# UPMCE Machine Learning Palooza
### Goal
Predict the length-of-stay (LOS) of a patient in a hospital. See this repo to get details about the challenge [here](https://git.tdc.upmc.edu/MachineLearning/ml-intro-spark-regression) 

#### 1) Get my features before splitting

In [1]:
import pandas as pd
import numpy as np
import scipy.sparse as sp

from sklearn.cross_validation import train_test_split
from sklearn.linear_model import LinearRegression
from sklearn import metrics

from ohe import *

In [2]:
url = "C:/Users/dickm/Documents/Projects/ML/Source/UPMC/Pharmacy/visit_train_panda.csv"
#url = 'http://sparkdl04:50070/webhdfs/v1/palooza/data/visit_train_panda.csv?op=OPEN'
source_data = pd.read_csv(url)

#Get parse admin dates and add derived day of week (DOW) fields
source_data.ArriveDate = source_data.ArriveDate.map(lambda d: pd.to_datetime(str(d)))
source_data.DischargeDate = source_data.DischargeDate.map(lambda d: pd.to_datetime(str(d)))
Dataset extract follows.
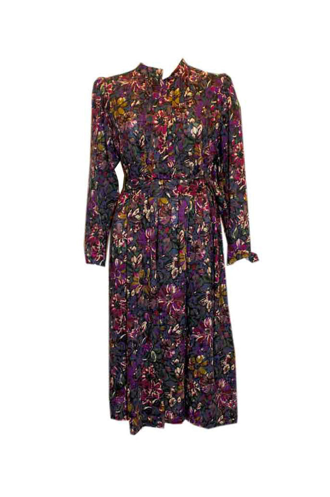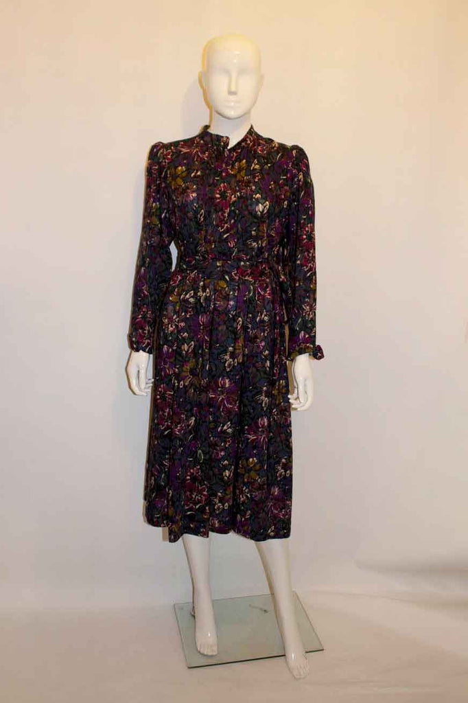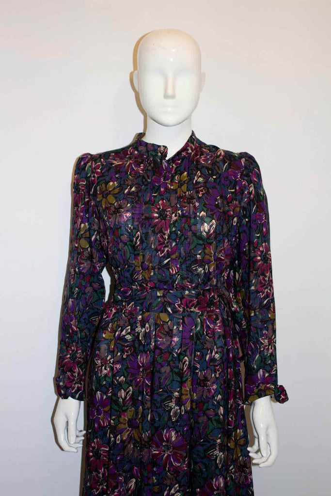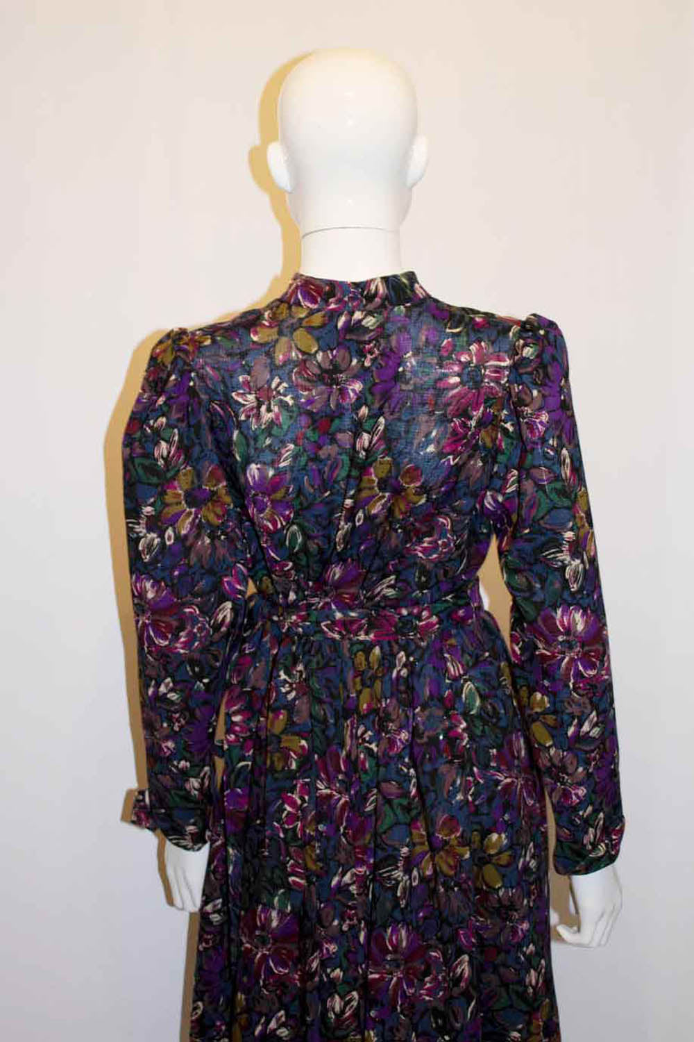 A great vintage dress for Fall, from Liberty. In a wonderful floral mix of purple, green and blue the dress has tucks on the bodice , shaped end of sleaves, a self fabric tie belt and button opening. It is unlined. UK size 12. measurements: Bust up to 38'',length 44''

#Add DOW columns. N.B. Monday is 0 and Sunday is 6.
source_data['ArriveDateDOW'] = source_data.ArriveDate.dt.dayofweek
source_data['DischargeDateDOW'] = source_data.DischargeDate.dt.dayofweek

source_data.head()

Unnamed: 0,VisitID,Hospital,Dept_Code,PaymentType,Age,Race,Gender,FC,ArriveDate,DischargeDate,LOS,DXCODE,Description,DispenseID,DOC,ArriveDateDOW,DischargeDateDOW
0,HdBgCT1YkEl14280,SHY,436,I,77,W,M,MS,2014-10-07,2014-10-10,3,197.7,SECOND MALIG NEO LIVE,1,10028,1,4
1,HdBgCT1YkEl14280,SHY,436,I,77,W,M,MS,2014-10-07,2014-10-10,3,276.2,ACIDOSIS,1,10028,1,4
2,HdBgCT1YkEl14280,SHY,436,I,77,W,M,MS,2014-10-07,2014-10-10,3,198.5,SECONDARY MALIG NEO B,1,10028,1,4
3,HdBgCT1YkEl14280,SHY,436,I,77,W,M,MS,2014-10-07,2014-10-10,3,253.6,NEUROHYPOPHYSIS DIS N,1,10028,1,4
4,HdBgCT1YkEl14280,SHY,436,I,77,W,M,MS,2014-10-07,2014-10-10,3,V58.66,LONG-TERM USE ASPIRIN,1,10028,1,4


## N.B. - Sparse encode DXCODE
DXCODE is too big, but it can be sparsely represented. DXCODE has over 4K unique values so it is impossible to encode using a dense matric like panda on a single machine.

In [29]:
mytest = scipy.sparse.csr_matrix(source_data.as_matrix())

TypeError: no supported conversion for types: (dtype('O'),)

### Pre-Training calls

In [3]:
# Encoded categorical and converted all to sparse repsresentation.
global_features = ['DXCODE', 'Age', 'Race', 'Gender', 'Hospital', 'ArriveDateDOW', 'DischargeDateDOW']
categorical_features = ['DXCODE', 'Race', 'Gender', 'Hospital', 'ArriveDateDOW', 'DischargeDateDOW']
source_data_categorical,_,_ = ohe_dataframe_to_sparse(source_data[global_features], categorical_features)

### Method 1 - Let's see what happnes if I only encode DXCODE

In [6]:
# Prompt variables
evalPrompt = 'RMSE with dxcode only:'

# ID feature and target variables
#Using DXCODE only
feature_names = ['DXCODE']

TrainAndPrintEval(source_data_features, feature_names, evalPrompt)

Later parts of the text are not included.